* Task brief: Leave the pictures out. Transcribe exactly every line from the start of the records through the one containing "Frances Beck (centre), Sylve".

* Dataset records:
>>>>

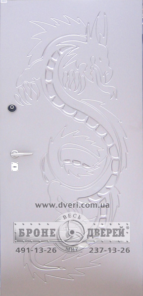 Стальные двери (бронедвери или металлические двери) с отделкой МДФ панелями ламинированными( покрыты пластиком). Спецрисунок- дракон. Замок нижний CISA 57.685 с возможностью перекодировки ключа, ручка ARMADILLO libra. Замок верхний Azbe 8913 c броненакладкой М-4.
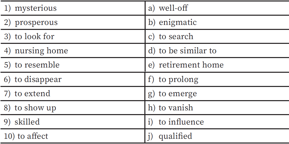 Exercise 4. Match each word with its synonym:
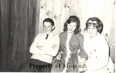 Frances Beck (centre), Sylve Constable (right) and a young friend (left), seated at a Hadfield Hall dance, mid-1960s.
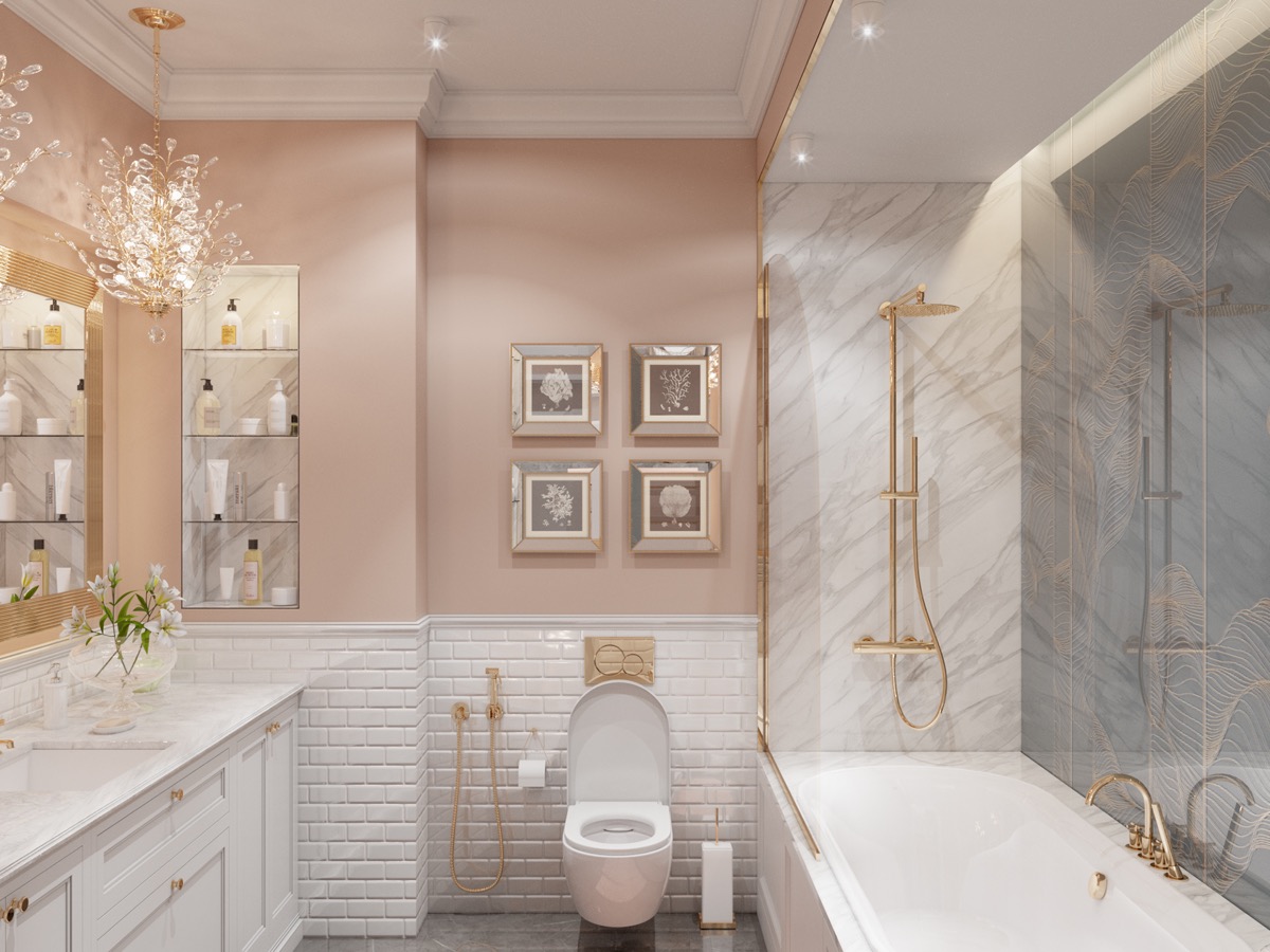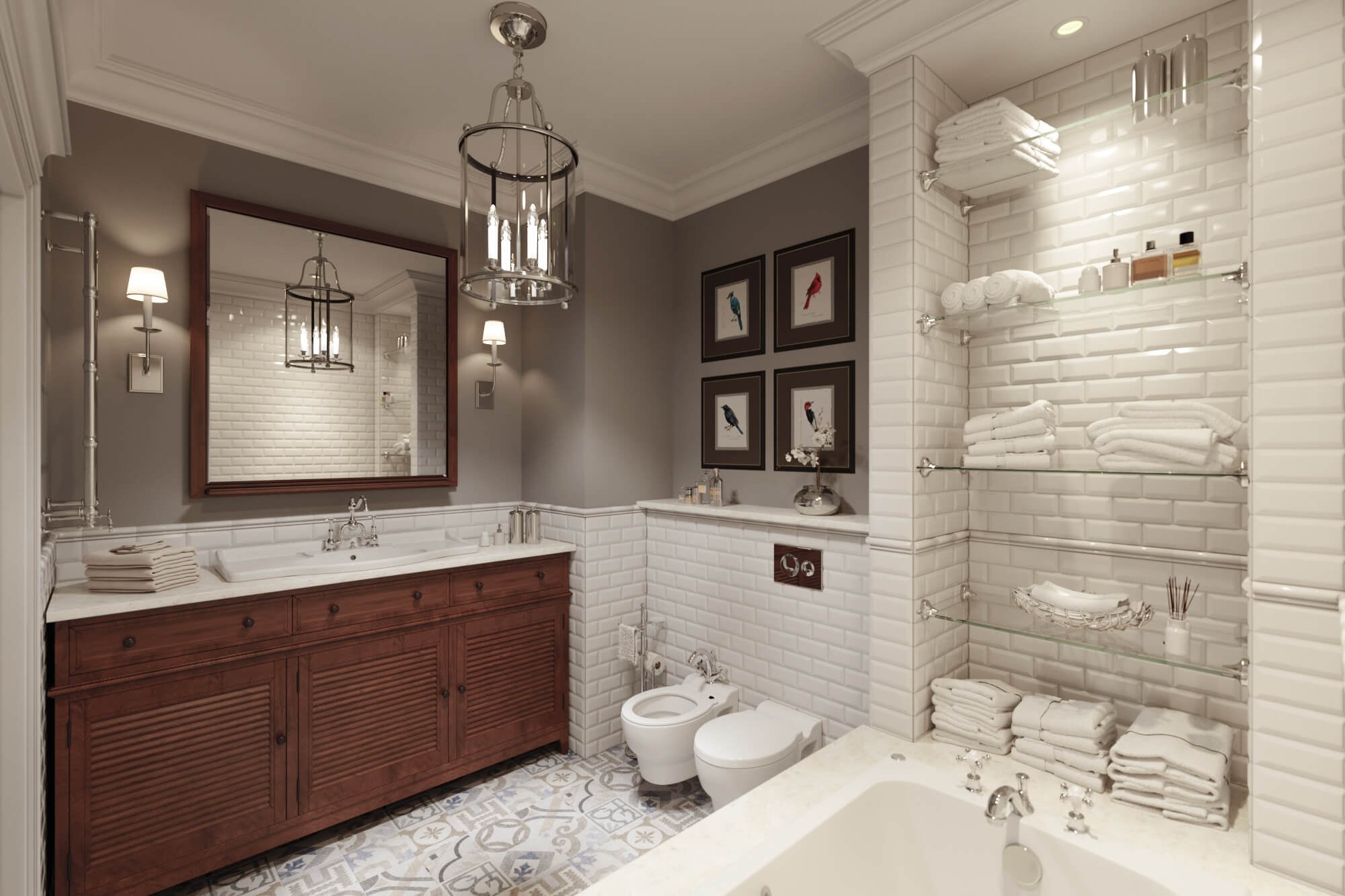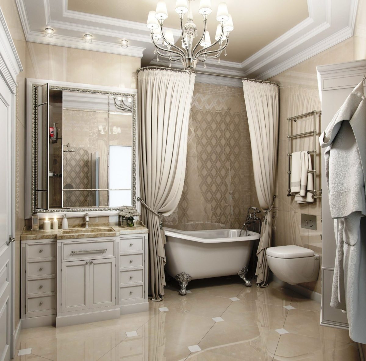 Классические интерьеры ванных комнат выглядят статусно и привлекательно, именно поэтому они столь популярны. Преимуществ у такого убранства более чем достаточно.
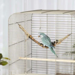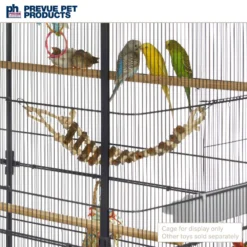 Prevue Naturals Rope Ladder Bird Toy offers the capacity for rugged physical play and mental stimulation, and the irregular shapes of the branches encourage healthy foot exercise. The ladder is handmade and contains 13 natural wood rungs, varing in length between 11″ – 13″ lengths, depending on the thickness of the wood. The overall length [including rope and quick links] can vary between 17″ – 20″. Materials include sustainably-harvested Hevea wood branches and natural jute rope. Toy connects easily to cage wire with quick-link attachments. As always, supervise birds at play. Ideal for Small to Medium-sized birds.
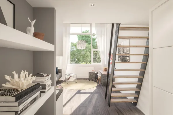 Mooie ruime studio in het campuscomplex 'Think Tank'. De studio is gelegen op de eerste etage en heeft een ruime woonkamer met open keuken (incl. apparatuur), badkamer met wastafel, douche en toilet en op de vide is een slaapkamer. Op de begane grond ligt een gemeenschappelijke ontmoetingsruimte, fietsenberging en wasruimte.
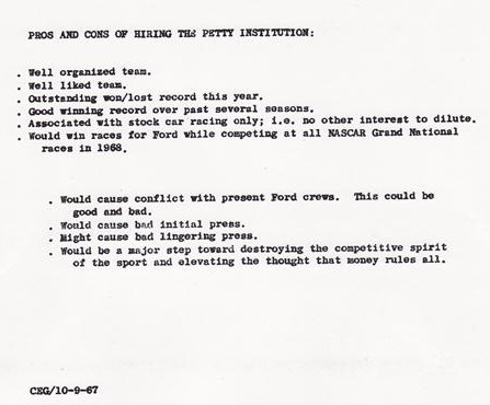 Would you believe Ford was strategizing if Richard Petty would be good for them back in 1967?
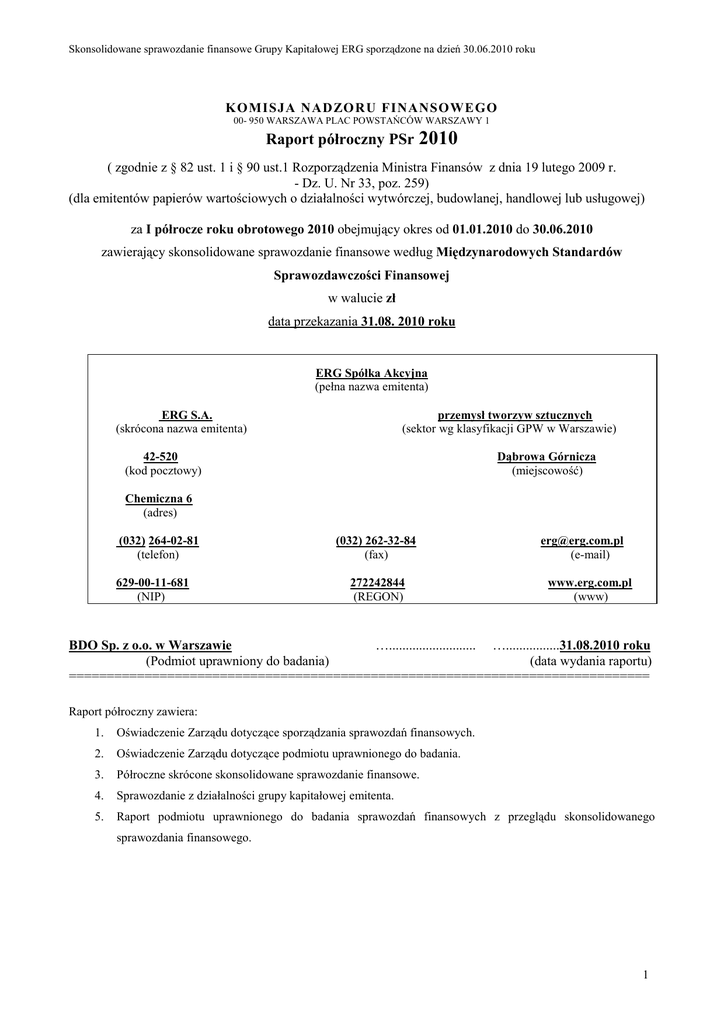 Skonsolidowane sprawozdanie finansowe Grupy Kapitałowej ERG sporządzone na dzień 30.06.2010 roku KOMISJA NADZO RU FINANSOWEGO 00- 950 WARSZAWA PLAC POWSTAŃCÓW WARSZAWY 1 Raport półroczny PSr 2010 ( zgodnie z § 82 ust. 1 i § 90 ust.1 Rozporządzenia Ministra Finansów z dnia 19 lutego 2009 r. - Dz. U. Nr 33, poz. 259) (dla emitentów papierów wartościowych o działalności wytwórczej, budowlanej, handlowej lub usługowej) za I półrocze roku obrotowego 2010 obejmujący okres od 01.01.2010 do 30.06.2010 zawierający skonsolidowane sprawozdanie finansowe według Międzynarodowych Standardów Sprawozdawczości Finansowej w walucie zł data przekazania 31.08. 2010 roku ERG Spółka Akcyjna (pełna nazwa emitenta) przemysł tworzyw sztucznych (sektor wg klasyfikacji GPW w Warszawie) ERG S.A. (skrócona nazwa emitenta) 42-520 (kod pocztowy) Dąbrowa Górnicza (miejscowość) Chemiczna 6 (adres) (032) 264-02-81 (telefon) 629-00-11-681 (NIP) (032) 262-32-84 (fax) 272242844 (REGON) [email protected] (e-mail) www.erg.com.pl (www) BDO Sp. z o.o. w Warszawie ….......................... …................31.08.2010 roku (Podmiot uprawniony do badania) (data wydania raportu) ============================================================================= Raport półroczny zawiera: 1. Oświadczenie Zarządu dotyczące sporządzania sprawozdań finansowych. 2. Oświadczenie Zarządu dotyczące podmiotu uprawnionego do badania. 3. Półroczne skrócone skonsolidowane sprawozdanie finansowe. 4. Sprawozdanie z działalności grupy kapitałowej emitenta. 5. Raport podmiotu uprawnionego do badania sprawozdań finansowych z przeglądu skonsolidowanego sprawozdania finansowego. 1 Skonsolidowane sprawozdanie finansowe Grupy Kapitałowej ERG sporządzone na dzień 30.06.2010 roku Spis treści raportu półrocznego PSr 2010 I. Oświadczenie Zarządu dotyczące sporządzenia sprawozdania finansowego..........................3 II. Oświadczenie Zarządu dotyczące podmiotu uprawnionego do badania..................................4 III. Informacje ogólne.....................................................................................................................5 IV. Stosowane zasady rachunkowości............................................................................................8 V. Skonsolidowane sprawozdanie finansowe.............................................................................10 2 Skonsolidowane sprawozdanie finansowe Grupy Kapitałowej ERG sporządzone na dzień 30.06.2010 roku I. Oświadczenie Zarządu dotyczące sporządzenia sprawozdania finansowego ERG S.A. OŚWIADCZENIE CZŁONKÓW ZARZĄDU Dla Akcjonariuszy ERG S.A. Zarząd ERG S.A. oświadcza, że zgodnie z jego wiedzą skonsolidowane sprawozdanie finansowe Grupy Kapitałowej ERG S.A. za I półrocze 2010 roku i dane porównywalne za I półrocze 2009 roku sporządzone zostały zgodnie z obowiązującymi Międzynarodowymi Standardami Rachunkowości przyjętymi do stosowania w Unii Europejskiej oraz z Międzynarodowym Standardem Rachunkowości nr 34 „Śródroczna sprawozdawczość finansowa”. Niniejszy raport odzwierciedla w sposób prawdziwy, rzetelny i jasny sytuację majątkową i finansową Spółki oraz jej wynik finansowy. Oświadczamy również, że „Sprawozdanie Zarządu” zawiera prawdziwy obraz rozwoju i osiągnięć oraz sytuacji Grupy w okresie sprawozdawczym, w tym opis podstawowych ryzyk i zagrożeń. ………………………. Maciej Błasiak Prezes Zarządu 3 Skonsolidowane sprawozdanie finansowe Grupy Kapitałowej ERG sporządzone na dzień 30.06.2010 roku II. Oświadczenie Zarządu dotyczące podmiotu uprawnionego do badania ERG S.A. OŚWIADCZENIE CZŁONKÓW ZARZĄDU Dla Akcjonariuszy ERG S.A. Zarząd ERG S.A. oświadcza, że podmiot uprawniony do badania sprawozdań finansowych BDO Sp. z o.o. z siedzibą w Warszawie dokonujący przeglądu półrocznego skonsolidowanego sprawozdania finansowego za 2010 rok ERG S.A. został wybrany zgodnie z przepisami prawa. Oświadczamy również, że podmiot ten oraz biegły rewident dokonujący tego przeglądu spełniali warunki do bezstronnego i niezależnego raportu z badania, zgodnie z właściwymi przepisami prawa. ………………………. Maciej Błasiak Prezes Zarządu 4 Skonsolidowane sprawozdanie finansowe Grupy Kapitałowej ERG sporządzone na dzień 30.06.2010 roku III. Informacje ogólne 1. Informacje o jednostce dominującej, grupie kapitałowej oraz skonsolidowanym sprawozdaniu finansowym. Spółką dominującą jest ERG Spółka Akcyjna, który posiada 100% udziałów we wszystkich podmiotach objętych konsolidacją. Kapitał zakładowy ERG S.A. na 30.06.2010 roku zarejestrowany w KRS wynosi 17.322.000,00 zł. Dzieli się na 43.305.000 akcji zwykłych na okaziciela. Przedmiotem działalności ERG S.A. jest: • produkcja opakowań z tworzyw sztucznych; • produkcja płyt, arkuszy, rur i kształtek z tworzyw sztucznych; • produkcja pozostałych wyrobów z tworzyw sztucznych; • sprzedaż hurtowa wyrobów chemicznych; • sprzedaż hurtowa nie wyspecjalizowana. Rejestracja: Sąd Rejestrowy w Katowicach, wydział Gospodarczy Krajowego Rejestru Sądowego Nr KRS: 000085389 PKD: 2222Z - produkcja opakowań z tworzyw sztucznych. Branża według klasyfikacji przyjętej przez rynek – przemysł tworzyw sztucznych. 2. Skład grupy kapitałowej. W skład grupy kapitałowej wchodzi ERG Spółka Akcyjna oraz następujące spółki zależne: - BIOERG S.A. - FOLPAK Ciechanów Sp. z o.o. Struktura organizacyjna Grupy Kapitałowej: ERG S.A. 42-520 Dąbrowa Górnicza, ul. Chemiczna 6 BIOERG S.A. 42-520 Dąbrowa Górnicza, ul. Chemiczna 6 FOLPAK Sp. z o.o. 06-400 Ciechanów, ul. Towarowa 2 5 Skonsolidowane sprawozdanie finansowe Grupy Kapitałowej ERG sporządzone na dzień 30.06.2010 roku ERG S.A. jest 100% udziałowcem w w/w spółkach. o FOLPAK Ciechanów Sp. z o.o. z siedzibą w Ciechanowie Kapitał zakładowy spółki zależnej FOLPAK Ciec

<<<<

* Solution to the exercise:
 Стальные двери (бронедвери или металлические двери) с отделкой МДФ панелями ламинированными( покрыты пластиком). Спецрисунок- дракон. Замок нижний CISA 57.685 с возможностью перекодировки ключа, ручка ARMADILLO libra. Замок верхний Azbe 8913 c броненакладкой М-4.
 Exercise 4. Match each word with its synonym:
 Frances Beck (centre), Sylve Constable (right) and a young friend (left), seated at a Hadfield Hall dance, mid-1960s.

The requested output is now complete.